Superlotação leva Estado a determinar interdição de cadeia em Arenápolis O Ministério Público (MPMT) entrou com uma ação pedindo a interdição após inspeções que apontaram condições insalubres no local.
A Vara Única da comarca de Arenápolis (MT) determinou nesta quarta-feira (21), a interdição provisória da Cadeia Pública Feminina do município, proibindo imediatamente a entrada de novas presas acima da capacidade máxima da unidade, fixada em 86 vagas.
A medida atende a um pedido da Promotoria de Justiça do município e prevê que a análise sobre a remoção e transferência das presas excedentes será feita somente após manifestação do Estado de Mato Grosso.
Justiça determina interdição de cadeia feminina de Arenápolis. – Foto: Google MapsO Ministério Público de Mato Grosso (MPMT) protocolou uma ação nessa terça-feira (20), com base em inspeções que apontaram um crescimento considerado insustentável da população carcerária feminina na unidade.
Segundo o promotor de Justiça Phillipe Alves Mesquita, a unidade tinha 76 detentas em outubro de 2025 e chegou a 167 mulheres em 16 de janeiro de 2026, número que ultrapassa em quase 100% a capacidade estrutural do local.
Conforme o Ministério Público, a interdição tornou-se necessária após o descumprimento de recomendações anteriores e diante da omissão do Estado em adotar medidas para conter a superlotação.
Ainda de acordo com o Ministério Público, a superlotação extrema, somada à infraestrutura precária, resultou em um cenário de colapso da custódia, com violações às normas da Lei de Execução Penal e à dignidade das mulheres privadas de liberdade.
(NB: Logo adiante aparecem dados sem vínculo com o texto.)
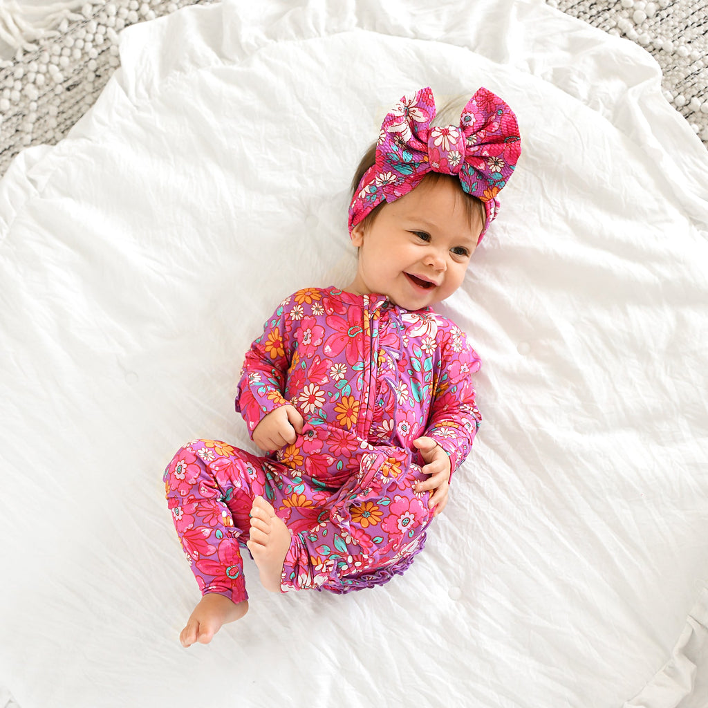 This zip one piece is super soft and comfortable. Featuring a zipper that runs from the top of the outfit to the ankle. Our favorite part about this outfit is that the zipper is 2 way! Making for super easy diaper changes without having to remove the whole outfit.

O órgão também destaca riscos à integridade física dos servidores penitenciários, que estariam atuando sob sobrecarga e condições precárias.
Os relatórios que embasam a ação apontam ainda a ausência de Plano de Prevenção e Combate a Incêndio, falhas no fornecimento de água potável, falta de roupas de cama, inexistência de equipe técnica mínima e o descumprimento da separação legal entre presas provisórias e condenadas.
A situação se agravou após a interdição de outras unidades femininas no estado, segundo a ação.
Mesmo com a concessão da liminar, o promotor informou que o Ministério Público seguirá com acompanhamento diário da situação da unidade, além de inspeções presenciais regulares, para fiscalizar o cumprimento da decisão judicial e assegurar que a proibição de novos ingressos seja respeitada.
O Estado ainda não se posicionou sobre o assunto.